Member of the Senate of Pakistan
- In office 1997–1999

Member of the National Assembly of Pakistan
- In office 1990–1993
- Constituency: NA-12 (Abbottabad)

Personal details
- Born: Seer Gharbi, Abbottabad District
- Party: Pakistan Muslim League (N)
- Children: Murtaza Javed Abbasi (son)

= Javed Iqbal Abbasi =

Pakistani politician

Haji Javed Iqbal Abbasi is a Pakistani politician and former senator. He had been member of the National Assembly of Pakistan from 1985 to 1988 and again from 1990 to 1993. Abbasi comes from Seer Gharbi in Abbottabad District, his father had owned a general store in Havelian, while his son Murtaza Javed Abbasi is also a politician.

==Political career==
He was elected to the National Assembly of Pakistan as an independent candidate from NA-12 (Abbottabad) in the 1985 Pakistani general election.

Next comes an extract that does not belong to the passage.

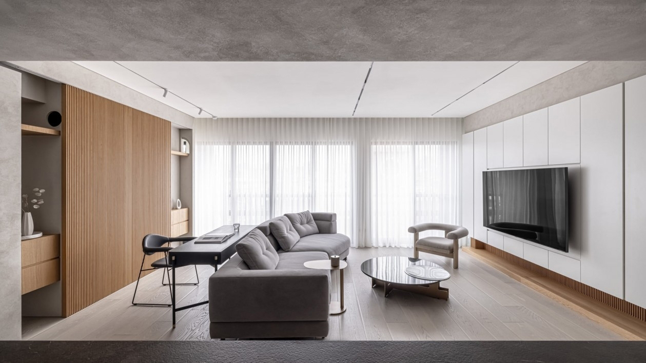 浅灰沙发+玻璃茶几弱化厚重感,木纹格栅墙既是装饰也藏起收纳,白色纱帘让光线柔和漫入,金属轨道灯的线性光让空间层次更通透,整体是“不费力的高级”。

He was re-elected the National Assembly of Pakistan as a candidate of Islami Jamhoori Ittehad from NA-12 (Abbottabad) in the 1990 Pakistani general election. He received 43,764 votes and defeated independent candidate Sardar Gul Khatab.

He became senator on the ticket of Pakistan Muslim League (Nawaz) (PML-N) in 1997 senate election.

After the 1999 Pakistani coup d'état he was arrested and jailed in August 2000 in Mushraf regime. He was also disqualified for 10 years for holding any public office.